Seasoned grappler and all around tough guy – Greg “The Hammer” Valentine – is not living in the past. He’s keeping a close eye on the future as his could be a whole lot brighter than the glint off King Kong Bundy’s head at high-noon if Hollywood Hogan’s rumored negotiations with the Fox Network are successful.
A long-time pal of Hogan, the accomplished tag team veteran (NWA and WWF titles) and dominant singles competitor (U.S. and Intercontinental title reigns) wouldn’t talk specifics but did let SLAM! Wrestling in on some of the rumored plans for a proposed Fox – Hogan wrestling federation.
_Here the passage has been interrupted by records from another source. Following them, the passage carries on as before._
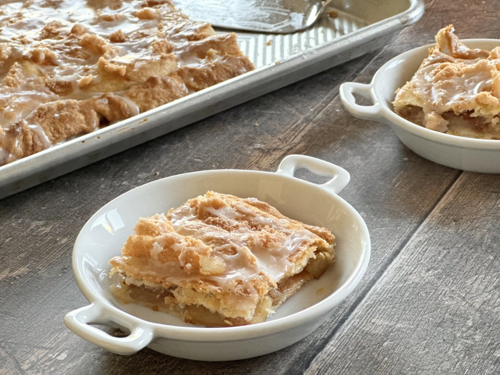 My mother in law would always make Apple Pie Slices for Thanksgiving. It kind of is a pie, but not a traditional one, so I am sneaking it in here. It is a large slab pie. Big family tradition for us.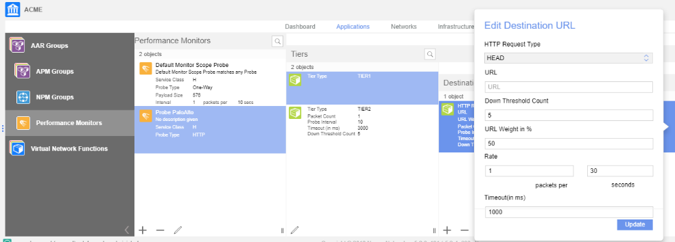 Create Tier 1 URLs, specifying the following values:- Down Threshold Count—Defines the number of consecutive failed probes before the VSD declares a state change and raises an alarm.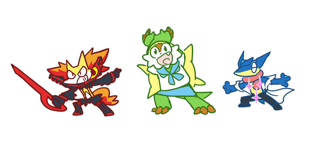 Pokemon Gen Vi Starters Fully Evolved As Kill La Kill Characters Delphox Ryuuko Chesnaught Mako Greninja Aikurou Pokemon Mario Characters Anime

Valentine is convinced that Hogan’s “retirement” is his escape hatch so he can pursue bigger and better things such as a run for the U.S. presidency.
“Hogan’s breaking away from WCW. He’s retiring so he can get out of his contract. I can say that much because that’s public,” said Valentine in a telephone interview.
If there is to be a fourth major wrestling federation Valentine is confident he’ll be a legitimate contender in the title hunt and perhaps put his 28 years of experience in the industry to work behind the scenes booking matches and angles.
“It’s possibly something really good for me,’ said The Hammer. “I wish I could tell you what it’s about but believe me, it’s going to happen. It’s something REALLY big.”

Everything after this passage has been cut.